INSTRUCTIONS TO FOLLOW
Restate the listing below word for word; no picture is to be carried over.

DATASET EXCERPT

/---

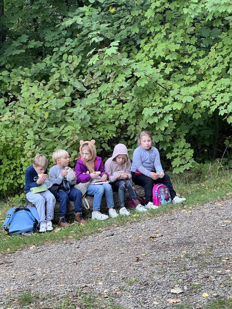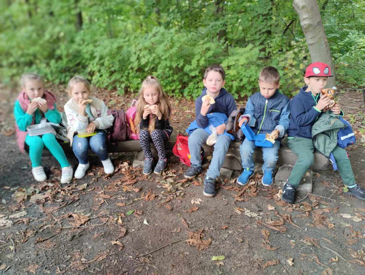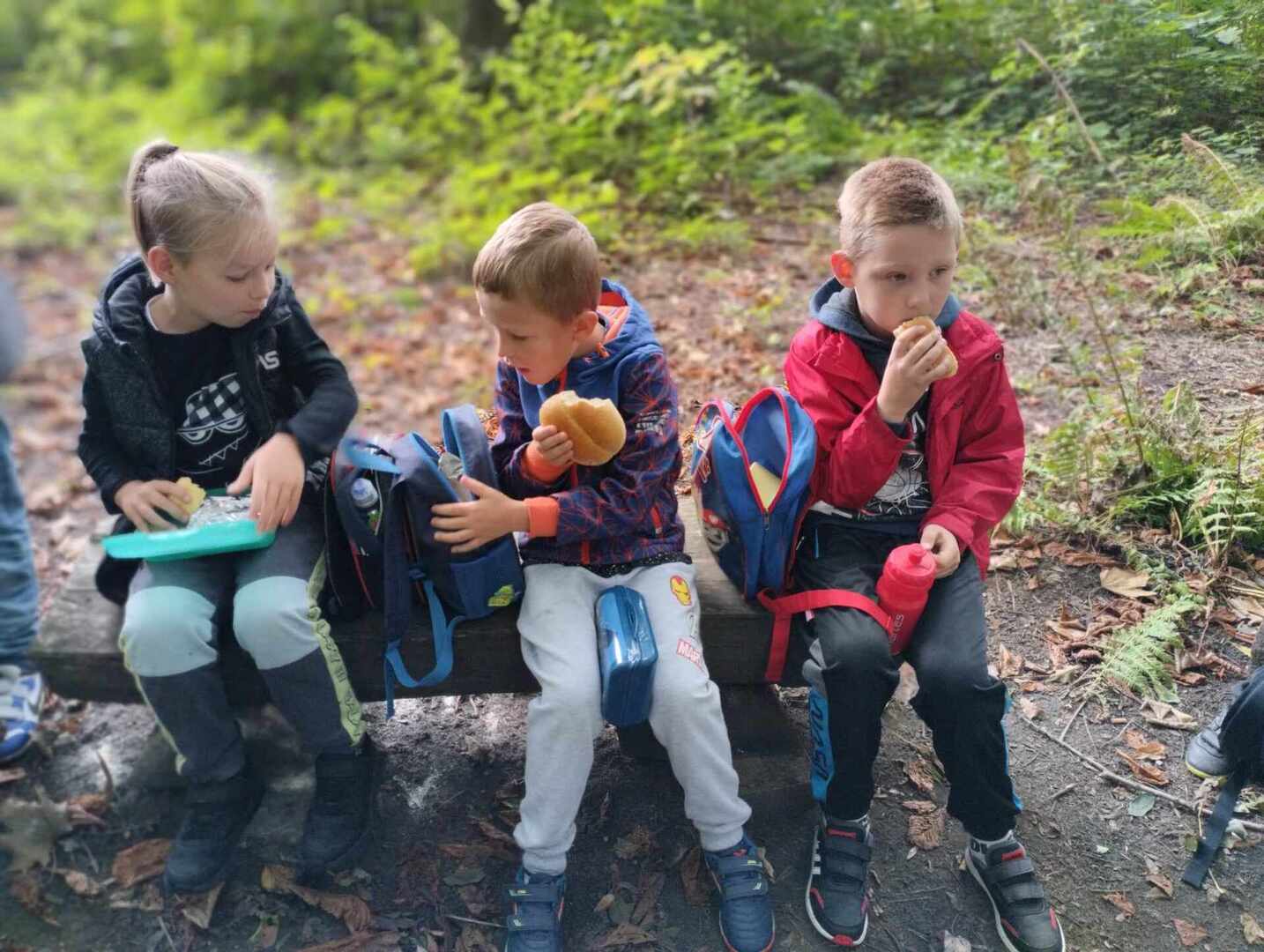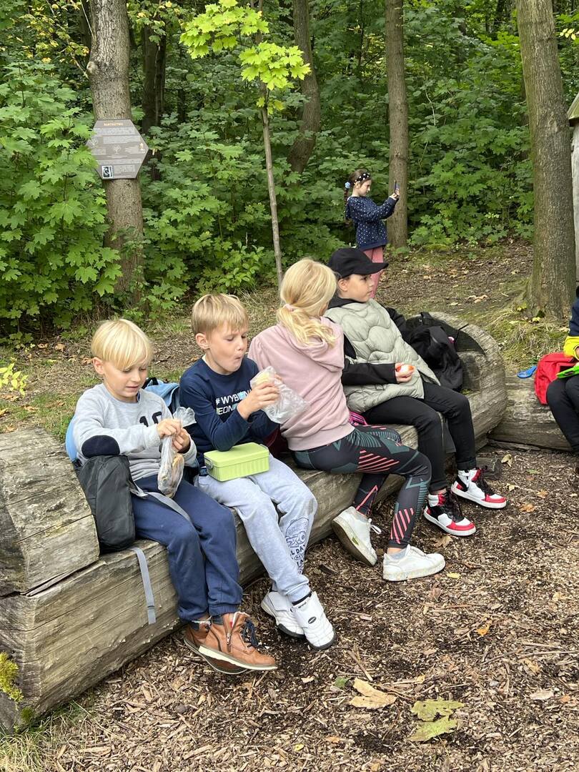 Atrakcją wycieczki było wspólne śniadanie na trawie. Zwykłe kanapki smakowały nadzwyczajnie, kiedy zjadało się je w otoczeniu pięknej przyrody.
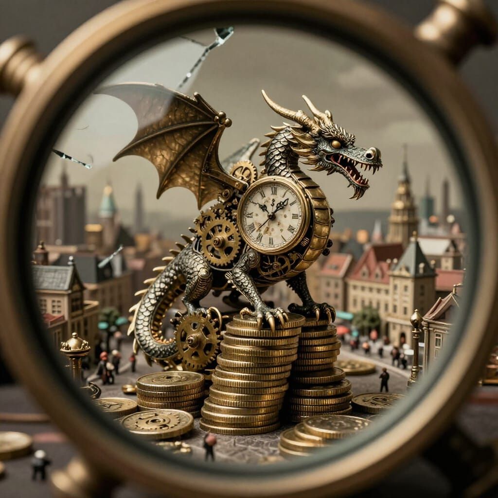 This image shows an intricate clockwork dragon on gold coins overlooking a city, presented with photorealistic detail and cinematic lighting. It features a sepia tone and shallow depth of field.
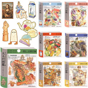 フレークシールとは... 写真やイラストに沿ってひとつずつカットされた、小さなシールのこと。 和紙素材に金箔押しのシールが23枚入っています。 パッケージは図鑑のような見た目になっており、表紙にはそれぞれのシールの説明が記載さ
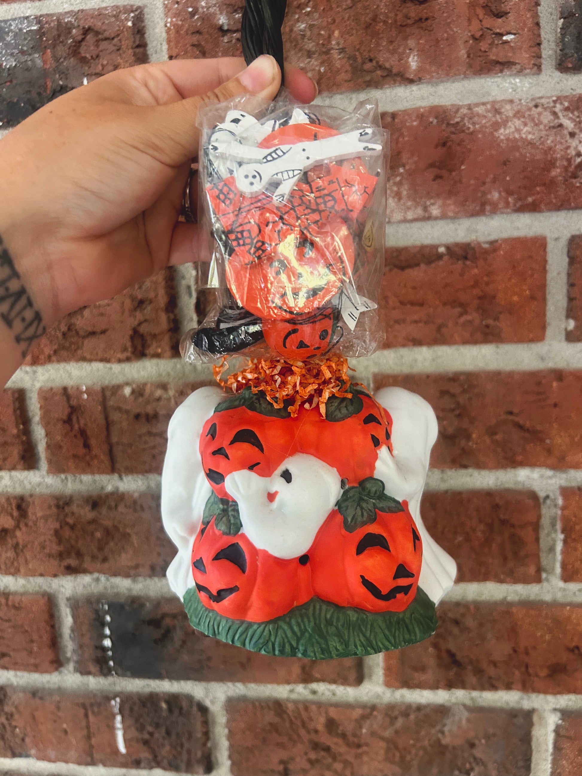 base is double sided with pumpkins and ghosts - really neat piece

\---

FINAL ANSWER
 Atrakcją wycieczki było wspólne śniadanie na trawie. Zwykłe kanapki smakowały nadzwyczajnie, kiedy zjadało się je w otoczeniu pięknej przyrody.
 This image shows an intricate clockwork dragon on gold coins overlooking a city, presented with photorealistic detail and cinematic lighting. It features a sepia tone and shallow depth of field.
 フレークシールとは... 写真やイラストに沿ってひとつずつカットされた、小さなシールのこと。 和紙素材に金箔押しのシールが23枚入っています。 パッケージは図鑑のような見た目になっており、表紙にはそれぞれのシールの説明が記載さ
 base is double sided with pumpkins and ghosts - really neat piece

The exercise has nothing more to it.